━━━━━ Data to process ━━━━━

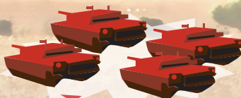
Enemy armour column
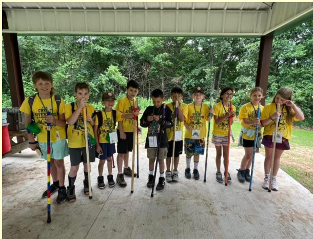
Cub Scouts at this year's Grand Lake Cub Scout Day Camp had a blast with BBs,
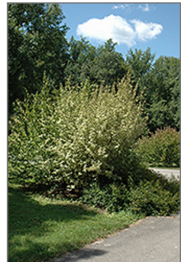
Variegated Cornelian Cherry Dogwood

Snavely's - Where good ideas keep on growing!
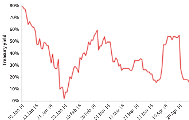
Figure 2. Expected probability of a Fed hike in July, over the year to date.

Although the Fed had indicated in December last year that they were targeting four incremental rate rises this year, weak global conditions in the early weeks of the year caused plans to be put on hold. However, continued improvement in the labour market and some evidence of a pick-up in wages, together with increased stability in financial markets, produced a marked change in the Fed's rhetoric. The mid-month release of the April Open Market Committee (FOMC) meeting minutes showed that the Fed were still contemplating a summer hike, and with the inflation rate hovering at 1.6% using the Fed's preferred measure, Fed governors indicated that a rate rise in either June or July was likely.
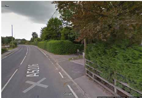
Approach From Chorley

Click here for Google Maps Shade Ln, Chorley PR7 4BY
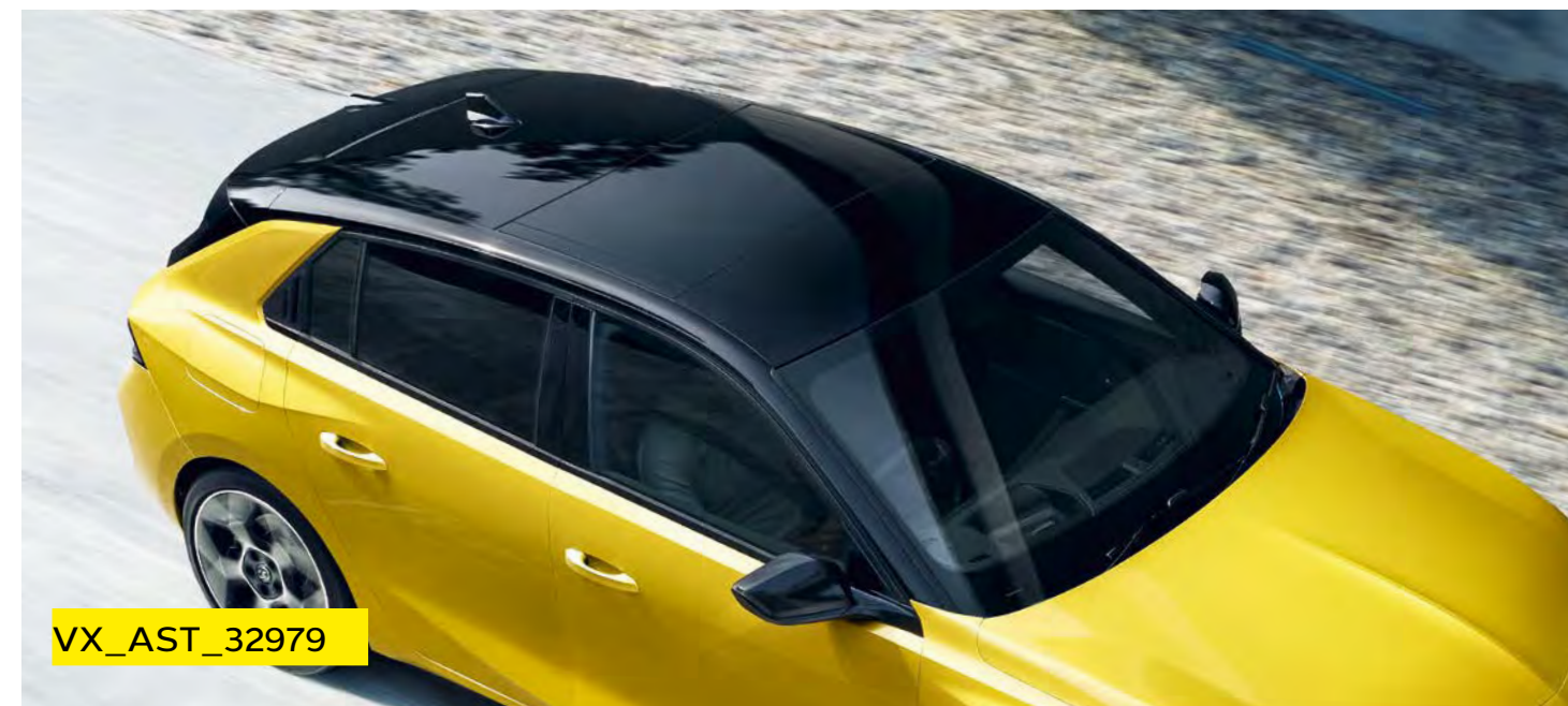
Black roof and dark-tinted rear windows.
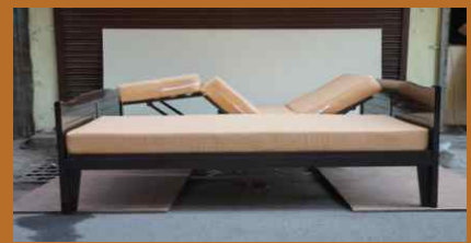
Motorised ICU bed wooden panelling
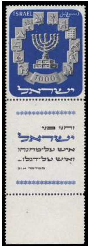
671 ★★ Israel, 1952, 1000p Menorah, with tab (Scott 55) , o.g., never hinged, Very Fine. Scott $225. Bale 59. Estimate $75 - 100
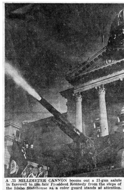
Below: Idaho Dailey Statesman picture 1963
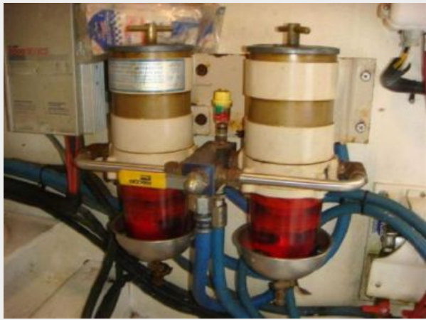
46' Alden starboard Racor fuel filters
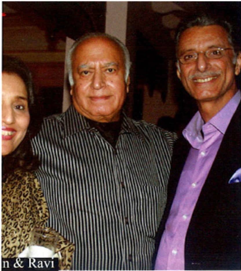
n & Ravi
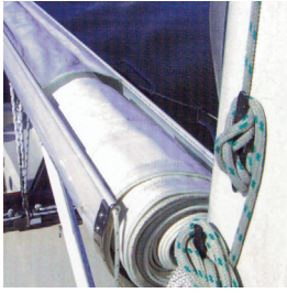
Built-in sail cover protects mainsail from harmful ultraviolet sun rays.

━━━━━

What you need to do.
Return the entries above exactly, skipping any images.

Written response.
Enemy armour column
Cub Scouts at this year's Grand Lake Cub Scout Day Camp had a blast with BBs,
Variegated Cornelian Cherry Dogwood

Snavely's - Where good ideas keep on growing!
Figure 2. Expected probability of a Fed hike in July, over the year to date.

Although the Fed had indicated in December last year that they were targeting four incremental rate rises this year, weak global conditions in the early weeks of the year caused plans to be put on hold. However, continued improvement in the labour market and some evidence of a pick-up in wages, together with increased stability in financial markets, produced a marked change in the Fed's rhetoric. The mid-month release of the April Open Market Committee (FOMC) meeting minutes showed that the Fed were still contemplating a summer hike, and with the inflation rate hovering at 1.6% using the Fed's preferred measure, Fed governors indicated that a rate rise in either June or July was likely.
Approach From Chorley

Click here for Google Maps Shade Ln, Chorley PR7 4BY
Black roof and dark-tinted rear windows.
Motorised ICU bed wooden panelling
671 ★★ Israel, 1952, 1000p Menorah, with tab (Scott 55) , o.g., never hinged, Very Fine. Scott $225. Bale 59. Estimate $75 - 100
Below: Idaho Dailey Statesman picture 1963
46' Alden starboard Racor fuel filters
n & Ravi
Built-in sail cover protects mainsail from harmful ultraviolet sun rays.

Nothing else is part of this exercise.